Oddly, for all the carving and fondling of body parts, Crimes is sometimes, like Timlin, too enamored of its own ideas. The decade or two that Cronenberg spent away from the body-as-fallible-meat subgenre that he practically invented resulted in some interesting push-pull between Cronenberg and whosever story he was adapting. We took pleasure in his running stories about gangsters or psychiatrists through his filter. Crimes takes him back to the old gory days, for sure, but I can’t help feeling that it’s a summing-up, a greatest-hits album. Hey, some of those hits are pretty damn great, and they play well again here. But the pleasure of Cronenberg in the past few years lay in his making magic with material you wouldn’t expect him to forge in his own image. This material is as snugly fitted to him as that weird eating chair is supposed to be to Saul, but like the chair it occasionally moves clumsily and spills things. It gets talky and plotty when we’d like to hang out and dig the world-building. 

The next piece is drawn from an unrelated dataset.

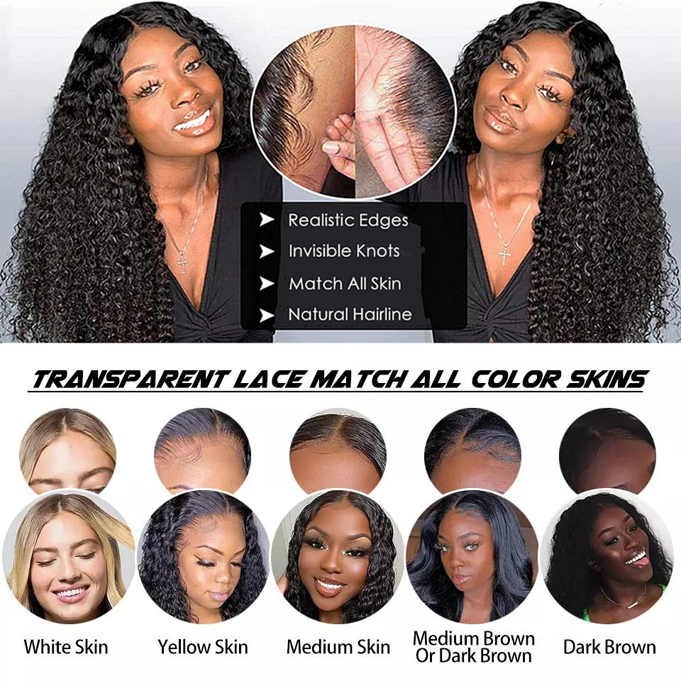Парик из натуральных волос, прозрачный, малазийские кудрявые, 180% 13X4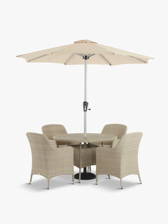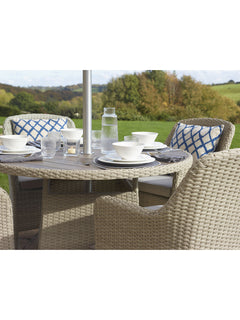 Make garden gatherings all the more sociable with this stylish dining set. Its eye-catching skirting and classic dining armchairs are sure to please. A parasol and base completes the set.Fawn Linen coloured cushions are made from our innovative Eco fabric, spun from recycled plastic bottles. The soft-touch cushions retain the hard wearing, season-proof quality that is synonymous with our outdoor fabrics. The all-weather, cloud coloured rattan is

Still, if you’ve seen a lot of movies like this lately, I want to know which theater you’ve been going to. As much as this is patented Cronenberg Cinema, he’s also having a terrific time making it, and it often shows. Cronenberg loses himself in the sets in Greece; everything looks badly used, no vision of a shiny future but one full of numbness and grime. Even apartments look like some mad doctor’s castle laboratory. Using a strictured voice, Mortensen emotes largely with his eyes or with throat-clearing, and Seydoux, with her mischievous diastematic smile, makes a great partner in futuristic crime for him. Stewart, liberated in this nightmare world, creates a compelling woman out of little but nervous tics. Cronenberg is an actors’ director, as was obvious as far back as The Brood (1979), and by creating an artsy-bloody backdrop for them to play in front of, he gets performances and moments no one else can. Crimes might strike some of us fans as been-there-done-that, but what’s wrong with being there and doing that again? 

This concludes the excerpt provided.